The PlayStation App is a software application for iOS and Android devices developed by PlayStation Mobile Inc. It acts as a companion app for PlayStation video game consoles, providing access to PlayStation Network community features and remote control.

Features
The application allows users to:
 See which friends are online and what they're playing.
 Receive notifications, game alerts, and invitations.
 Customize PSN profile.
 View progress and compare trophies.
 Keep up with the latest activities from friends and following players.
 Get games and add-ons at PlayStation Store, and send remote requests to PS4 to download in background.
Sony has also developed other apps to complement the main app, such as PlayStation Messages for exchanging messages with PSN users, PlayStation Communities to view PS4 communities and PS4 Second Screen, to use the device as a second screen companion on select PS4 games as well as an on-screen keyboard for quick and easy typing.

Update history
The app was first launched exclusively in European markets on January 11, 2011 and included access to PSN trophies and friends, as well as the PS Blog and information about upcoming games.

With the launch of the PS4 in North America on November 15, 2013, the app got a revamp and became available worldwide. Version 1.70 was released on April 30, 2014 adding notifications, friend request links and custom profile pictures. Version 2.00 was released on October 27, 2014 adding tablet support. Version 2.50 released on March 26, 2015 added accessibility options. Version 3.00 released on September 30, 2015 added Events and guest log in. Version 3.10 added the ability to follow verified players and the messaging portion was spun off into its own app. Version 3.50 added the ability to create events. 4.00 allowed users to change their PSN avatar right from the app. A new app, PlayStation Communities was released on November 29, 2016.

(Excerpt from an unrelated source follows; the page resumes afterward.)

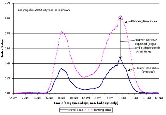 3showstherelationshipbetweenthetraveltimeindex,the bufferindex,andtheplanningtimeindex.Thetravel time index represents the average additional time required duringpeaktimesascomparedtotimesoflighttraffic.The bufferindexrepresentstheadditionaltimethatisnecessary abovetheaveragepeak travel time,whereas theplanning time index represents the total travel time that is necessary.[3]

The PlayStation App was completely redesigned on November 7, 2017 with improved load times. The second screen functionality was spun off into its own app and the ability to view live broadcasts and remove trophy lists with a completion rate of 0% were removed.

The PlayStation App was completely redesigned again on October 28, 2020 with options for launching games remotely, managing storage, and signing into your system. You can purchase and download games straight to your PS5 and PS4.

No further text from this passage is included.